Transcribe the data in full and exactly, omitting any pictures.

■ **Information supplied**:
------------------------------------------------------------------------
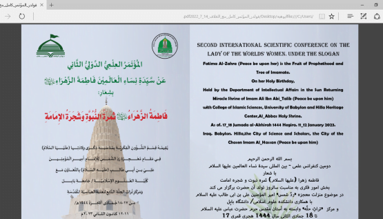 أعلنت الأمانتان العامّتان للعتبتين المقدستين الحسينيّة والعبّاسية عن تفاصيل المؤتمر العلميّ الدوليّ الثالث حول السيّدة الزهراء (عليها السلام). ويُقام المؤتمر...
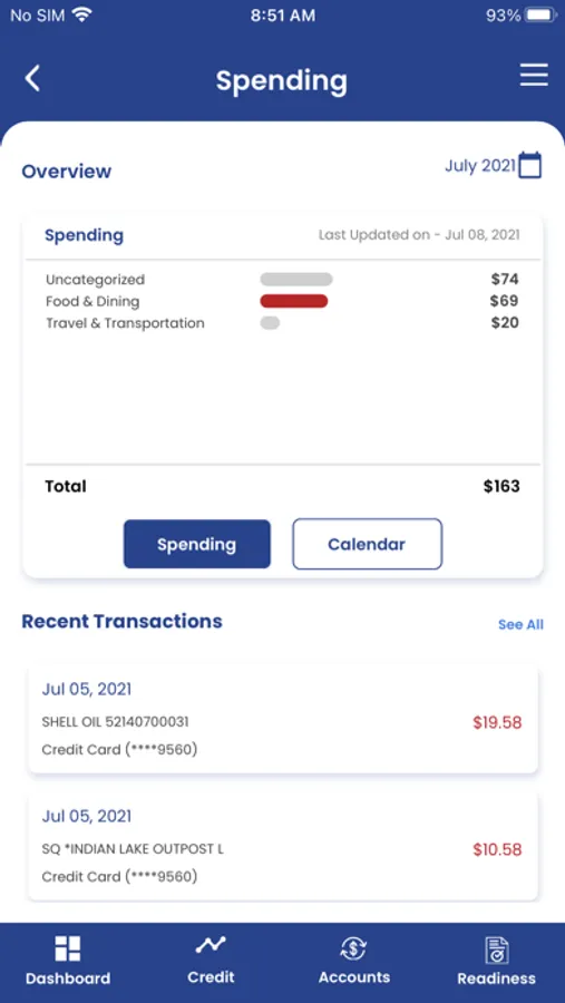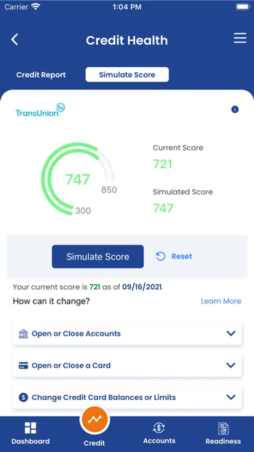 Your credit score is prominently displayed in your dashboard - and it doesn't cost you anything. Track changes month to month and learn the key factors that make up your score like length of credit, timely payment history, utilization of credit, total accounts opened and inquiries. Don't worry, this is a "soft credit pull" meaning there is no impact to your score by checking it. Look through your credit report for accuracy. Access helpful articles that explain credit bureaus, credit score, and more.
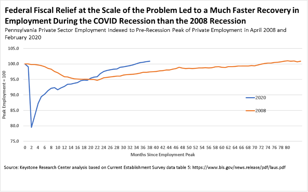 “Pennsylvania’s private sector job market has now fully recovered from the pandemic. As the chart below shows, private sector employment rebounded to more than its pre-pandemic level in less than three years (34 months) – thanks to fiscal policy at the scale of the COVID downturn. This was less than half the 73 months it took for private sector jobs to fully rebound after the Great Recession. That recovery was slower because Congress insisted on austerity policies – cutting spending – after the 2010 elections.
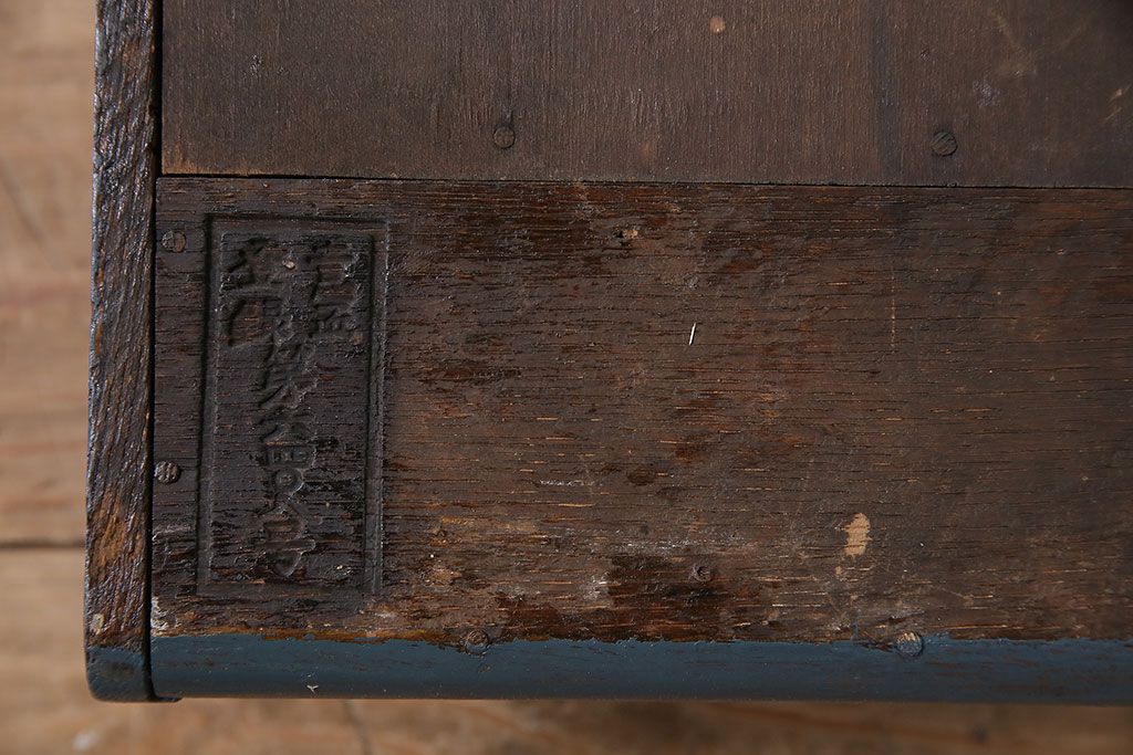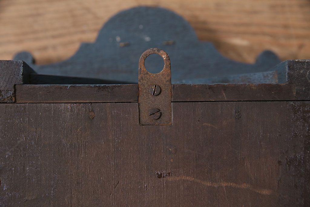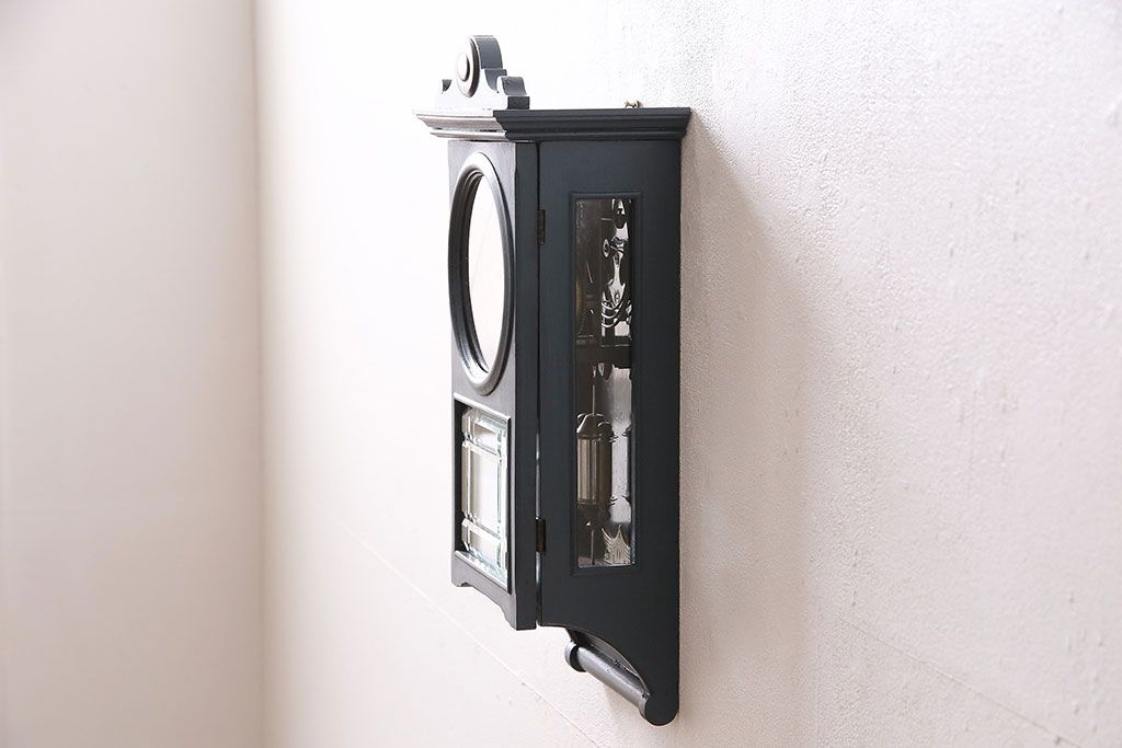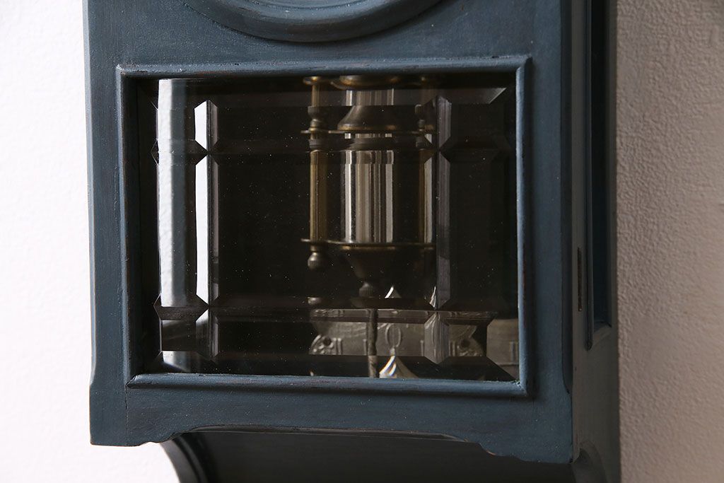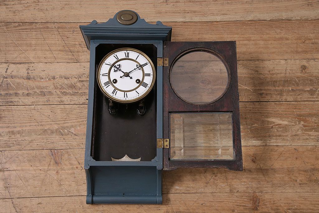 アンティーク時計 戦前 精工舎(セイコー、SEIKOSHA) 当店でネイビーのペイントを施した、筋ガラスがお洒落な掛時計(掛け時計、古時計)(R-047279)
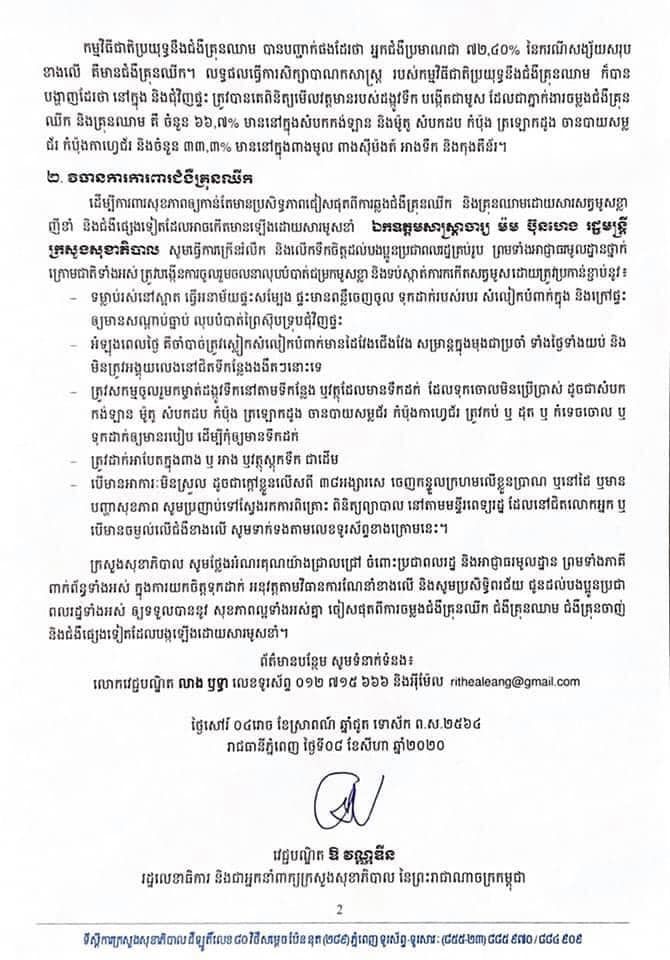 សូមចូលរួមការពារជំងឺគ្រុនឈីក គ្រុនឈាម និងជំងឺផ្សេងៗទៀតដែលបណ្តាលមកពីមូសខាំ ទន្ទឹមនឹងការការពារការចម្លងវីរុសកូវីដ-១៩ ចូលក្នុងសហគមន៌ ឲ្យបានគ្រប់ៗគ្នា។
------------------------------------------------------------------------
■ **Answer to this task**:
 أعلنت الأمانتان العامّتان للعتبتين المقدستين الحسينيّة والعبّاسية عن تفاصيل المؤتمر العلميّ الدوليّ الثالث حول السيّدة الزهراء (عليها السلام). ويُقام المؤتمر...
 Your credit score is prominently displayed in your dashboard - and it doesn't cost you anything. Track changes month to month and learn the key factors that make up your score like length of credit, timely payment history, utilization of credit, total accounts opened and inquiries. Don't worry, this is a "soft credit pull" meaning there is no impact to your score by checking it. Look through your credit report for accuracy. Access helpful articles that explain credit bureaus, credit score, and more.
 “Pennsylvania’s private sector job market has now fully recovered from the pandemic. As the chart below shows, private sector employment rebounded to more than its pre-pandemic level in less than three years (34 months) – thanks to fiscal policy at the scale of the COVID downturn. This was less than half the 73 months it took for private sector jobs to fully rebound after the Great Recession. That recovery was slower because Congress insisted on austerity policies – cutting spending – after the 2010 elections.
 アンティーク時計 戦前 精工舎(セイコー、SEIKOSHA) 当店でネイビーのペイントを施した、筋ガラスがお洒落な掛時計(掛け時計、古時計)(R-047279)
 សូមចូលរួមការពារជំងឺគ្រុនឈីក គ្រុនឈាម និងជំងឺផ្សេងៗទៀតដែលបណ្តាលមកពីមូសខាំ ទន្ទឹមនឹងការការពារការចម្លងវីរុសកូវីដ-១៩ ចូលក្នុងសហគមន៌ ឲ្យបានគ្រប់ៗគ្នា។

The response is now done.